- Born: August 21, 1929 Columbus, Ohio
- Died: August 16, 2020 (aged 90) Toledo, Ohio
- Education: B.Sc., M.Sc., University of Toledo PhD., University of Michigan
- Scientific career
- Institutions: University of Toledo
- Thesis: The effect of surface active agents on substrate utilization in an experimental activated sludge system. (1968)

= Nina McClelland =

American chemist (1929–2020)

Nina Irene McClelland (21 August 1929 - 16 August 2020) was an American chemist. She was dean emeritus and professor of chemistry at the University of Toledo.

==Early life and education==
McClelland was raised by her mother Lillian McClelland, who worked as a foreign language teacher. Growing up, McClelland took vocal lessons and was taught six languages by her mother. McClelland's aunt, Fern Mervos, was a professor in the department of mathematics at the University of Toledo. McClelland says she was very close to her aunt and as a child would visit her at work.

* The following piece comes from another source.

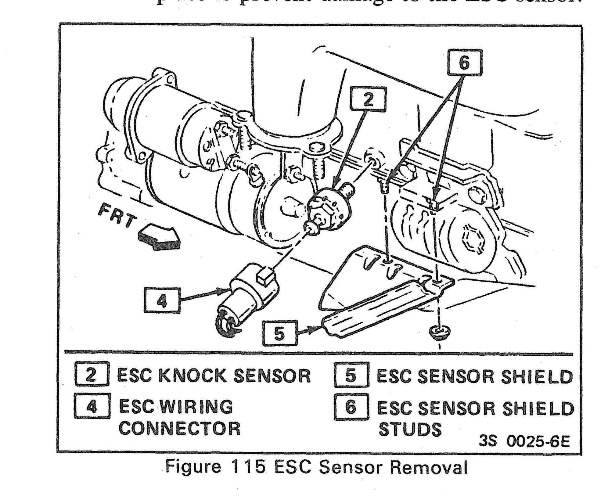If you have the same 1985 FSM that I have, there is a picture of the location of the knock sensor on the passenger side on Page 6E3-107. Section 6E is Driveability and Emissions Fuel Injection (Port).

McClelland graduated from Gibsonburg High School and pursued a degree in mathematics at the University of Toledo. She eventually earned her Bachelor of Science and Master of Science from the University of Toledo before graduating with a doctoral degree in environmental chemistry from the University of Michigan in 1968.

==Career==
In 1967, while earning her PhD, McClelland became involved with the American Chemical Society. The next year, McClelland was named president and chief executive officer of the National Sanitation Foundation International. During her time at the National Sanitation Foundation, McClelland led the International Clean Water program and served on the National Academy of Sciences Committee on Water Treatment Chemicals. She also created a Water Quality Index to report water quality in lakes, rivers and streams. After the Safe Drinking Water Act was passed in the 1970s, McClelland also helped create the governmental standard for chemicals to treat drinking water. In 1986, McClelland sat on the U.S. Environmental Protection Agency Advisory Committee.

In 1991, McClelland was the recipient of the Walter S. Mangold Award from the National Environmental Health Association. In 1993, McClelland spoke in front of the United States Congress Committee on Environment and Public Works to promote cost-effective treatments to assist smaller, isolated communities in accessing clean drinking water. In 1995, McClelland was awarded chairwoman emeritus status and started her own, independent consulting firm. As well, McClelland was later elected American Chemical Society Board of Directors Chair.

McClelland was appointed an adjunct professor of chemistry at the University of Toledo in 2003. She was also the recipient of an honorary degree from the university. Two years later, she was honored with the Wham Leadership Medal from the American National Standards Institute. In 2008, McClelland was promoted to interim dean of the college of arts and sciences. Her duties included improving the college of arts and sciences strategic assessment. The interim honorific was dropped in 2010. She was also inducted into the Ohio Women's Hall of Fame. The following year, McClelland was named a Fellow of the American Chemical Society and retired.

In 2014, McClelland was the recipient of the University's Gold T Award for her "outstanding career accomplishment." Two years later, in 2016, McClelland was the recipient of the National Wildlife Federation's Women in Conservation Award for her contributions to promoting clean energy and protecting clean water supplies. She was also honored by the Sigma Xi Scientific Research Honor Society and granted a symbolic key to the city of Toledo. In April, McClelland was one of five women given the Dr. Alice H. Skeens Outstanding Woman Award.

In 2019, McClelland was honored in front of the United States Congress for her accomplishments in preserving clean water. The University of Toledo also dedicated a new Laboratory for Water Chemistry and Environmental Analysis in her name.

She died on August 16, 2020, at the age of 90.